He says it’s the taboo that has forced dancers to assume stage names. “Till the ’90s, dancers used their own names. They were famous artistes and people adored them. But over the past 15 years, since the advent of Bhojpuri orchestra, dancers have started seeking anonymity,” says Shukla, who started his own career in the ’80s as a jagran singer. “At one point, we even tried to introduce duets, but they failed miserably. The men in the audience would get on stage and push the male dancer out,” he says.
Playing the video of the Bathinda firing on his phone, Shukla says, “This is another worry. I am the local guardian for these girls. If something happens to them, I will be held responsible. I often warn them to stay alert and remain in their rooms after the performance… These girls are smart, they know how to take care of themselves,” he says, now making his way to the rented accommodation behind his office, where three of his dancers stay.
Seven years ago, Jyoti, a resident of Punjabi Bagh in west Delhi, told her mother that she had landed a job at a neighbourhood beauty parlour. Her mother, who worked as a tailor, was elated. After her husband’s death, the family was going through a rough time, and with seven daughters and a son to take care of, any income was welcome. What Jyoti didn’t tell her family was that she had, in fact, taken up an offer to become a wedding dancer.
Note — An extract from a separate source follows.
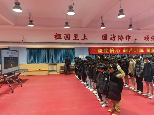 为响应学校党委关于开展南京大屠杀死难者国家公祭日学习教育活动的部署要求,悼念南京大屠杀死难者和所有惨遭日本侵略者杀戮的死难同胞,缅怀革命先烈与民族英雄,厚植教练员、运动员的爱国主义精神,12月13日上午,乒羽学院乒乓球队组织全体在校教练员、运动员开展南京大屠杀死难者国家公祭日学习教育活动。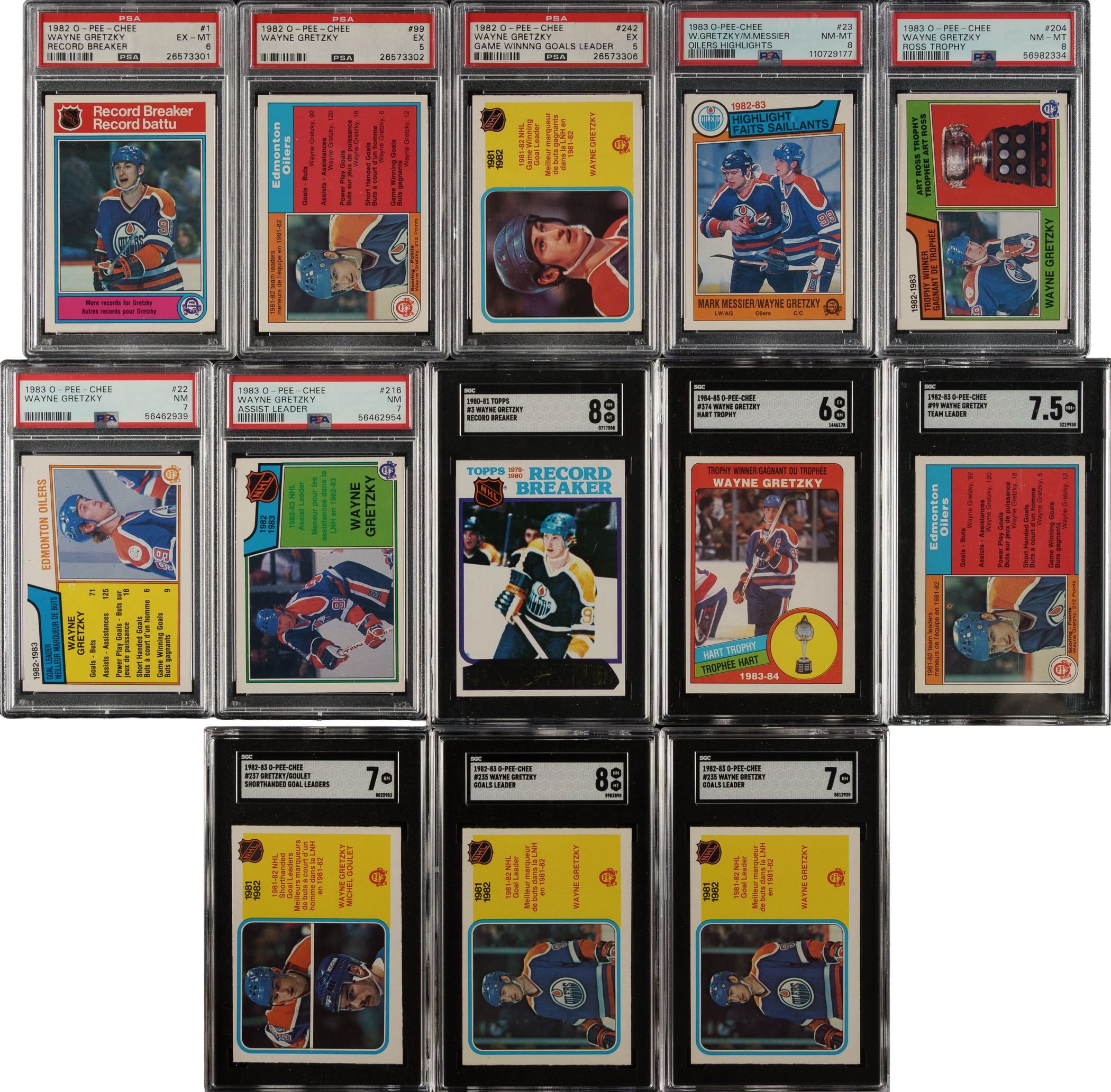 Collection of seventeen 1982-1983 to 1985-1986 Topps and O-Pee-Chee Hockey Wayne Gretzky cards, each professionally graded and encapsulated by PSA (9) and SGC (8). This collection consists of the following: 1) 1980-1981 Topps (2 cards): #3 Gretzky RB (SGC NM/MT 8) and 182 Gretzky (SGC NM 7). 2) 1982-1983 O-Pee-Chee (8 cards): #1 Gretzky RB (EX-MT 6), two 99 Gretzky Team Scoring Ldr (SGC NM+ 7.5 and PSA EX 5), 107 Gretzky IA (NM 7), two 235 Gretzky Goals Ldr (SGC NM/MT 8 and SGC NM 7), 237 Gretzky Shorthanded Goals Ldr (SGC NM 7), and 242 Gretzky Game Winning Goals Ldr (EX 5). 3) 1983-1984 O-Pee-Chee (4 cards): #22 Gretzky Goal Ldr (NM 7), 23 Gretzky/Messier (NM-MT 8), 204 Gretzky Ross Trophy (NM-MT 8), and 216 Gretzky Assist Ldr (NM 7). 4) 1984-1985 O-Pee-Chee (2 cards): #208 Gretzky AS (MINT 9) and 374 Gretzky Hart Trophy (SGC EX/NM 6). 5) 1985-1986 Topps (1 card): #120 Gretzky (SGC NM 7). Total: 17 cards. The size/weight of this item requires that there will be an additional shipping charge for this lot.

“My first performance was at a village near Gurgaon. I got Rs 800 for it. Fortunately, I was part of a group dance and simply copied what the seniors did. For outstation performances, I would tell my mother that I have been hired for make-up by the bride’s family. This time too I said the same thing,” she says, sitting in a dingy room with pink cobwebbed walls in Kydganj. She has been hired by Shukla for this wedding season and he takes care of her accommodation and meals during the months. Two other girls — Esha from Delhi, who performed at the Mau Dostpur reception the previous night, and Nisha from Punjab — share the room with her.
“I take this place on rent for four months a year and hire a cook-cum-cleaner for the girls,” says Shukla. The room is small, with a bed, a few racks and no windows. There are clothes, mostly embellished ones, and imitation jewellery strewn all over the place.
As Jyoti informs Shukla that she is unwell and can’t travel to Sultanpur, 100 km away, to perform, Shukla dials another orchestra group to arrange for a dancer and asks Nisha to pack her bags quickly. Around 5 pm, Nisha reluctantly steps out of the bed and asks Jyoti to help her out. “Na nahaya, na khaya, bas bhagna padega (I haven’t taken a shower or eaten anything, I have to rush),” says Nisha, who only returned at 5 am that morning from a performance.
“Nisha is my best friend,” smiles Jyoti, asking her roommate to wear some perfume. “Two years after I became a dancer, I married a man who did odd jobs at the Navy base in Delhi. I quit dancing completely then, but the marriage only lasted two-and-a-half months. He would often get drunk and beat me up. I got a divorce and returned to dancing. Nisha stood by me like a rock during those times,” she says.
“I have a five-year-old son. He stays with my mother. Dancing has helped me pay for his education,” she adds. She plans to quit the industry in another three-four years. “There is too much pressure. Acha dikhna, gande Bhojpuri gaanon pe nachna, ajeeb logon se milna (You need to look good, dance to vulgar Bhojpuri songs and meet strangers). I am already 28, there are very few years I have anyway,” she says, seeing off Nisha, who rides pillion on Shukla’s scooty till the main market, where a Qualis with the other orchestra members is waiting for her.
Before leaving, Shukla says, “Dancers can only work till they are 35. Phir moti ho jati hain, jhuriya aa jati hain (Then they get fat, get wrinkles) and younger dancers replace them. But then, there is Sonia, who you met last night. She has really taken care of herself. She says she is 30, but she must be at least 40.”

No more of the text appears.